There is a long list of unknowns about the causes and symptomatology of irritable bowel syndrome (IBS). But the research challenges can be distilled into four key areas.
1. What are the underlying mechanisms of the syndrome?
Why it matters The variety of symptoms and of patient responses to treatment suggest that there are multiple underlying causes of IBS. Identifying specific mechanisms will help researchers to develop better treatments.
What we know The gut can only react to insults in certain ways (for example, diarrhoea, constipation or cramps). But these symptoms could be the end point of several different diseases.
Next steps Researchers have already identified distinct causes of IBS, such as bile-acid malabsorption. Large-scale initiatives such as Europe's GENIEUR consortium are trying to tease out genetic and epigenetic contributions.
2. What is the relationship between the disorder and mental health?
Why it matters For treatment purposes, it is important to know whether IBS starts in the gut and then causes psychological issues, or whether IBS symptoms have a neurological trigger.
What we know Anxiety and depression sometimes accompany IBS. The serotonin system is implicated in the syndrome, and plays a part in neurological conditions. IBS is more common in service personnel who have post-traumatic stress disorder.

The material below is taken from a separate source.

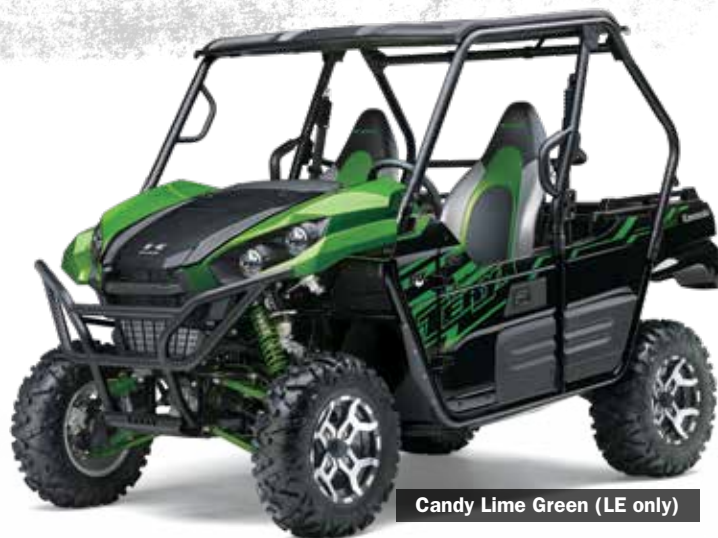
Candy Lime Green (LE only)

Next steps Better grouping of patients by phenotype will help researchers to pick out signals in large-scale trials. In the meantime, clinicians need to be careful not to assume that patients have mainly a psychological problem.
3. How important is diet in driving IBS?
Why it matters Diet seems an obvious starting point for treating IBS. Care will be improved with a better understanding of which subset of patients could benefit from dietary interventions and why.
What we know The fermentation of certain food components by microorganisms in the gut exacerbates symptoms. Diet can ease these, but there is little evidence of a causal link.
Next steps Larger, more rigorous trials will help to isolate the effect of food components. By working closer together, microbiologists, gastroenterologists and nutritionists could improve knowledge of the behaviour of the gut microbiota.
4. Can the syndrome be definitively diagnosed?
Why it matters An IBS diagnosis is based on symptoms and on the elimination of other disorders. This is stressful for patients, frustrating for clinicians and inefficient for the health-care system.
What we know Attempts to develop biomarkers for IBS have been disappointing. Breath tests and diagnostics that involve serum biomarkers are in development, but these have yet to translate to the clinic and many researchers remain sceptical.
Next steps Clearer patient phenotypes will help researchers to identify more specific biomarkers, which can also be used to stratify patients for clinical testing of targeted drugs.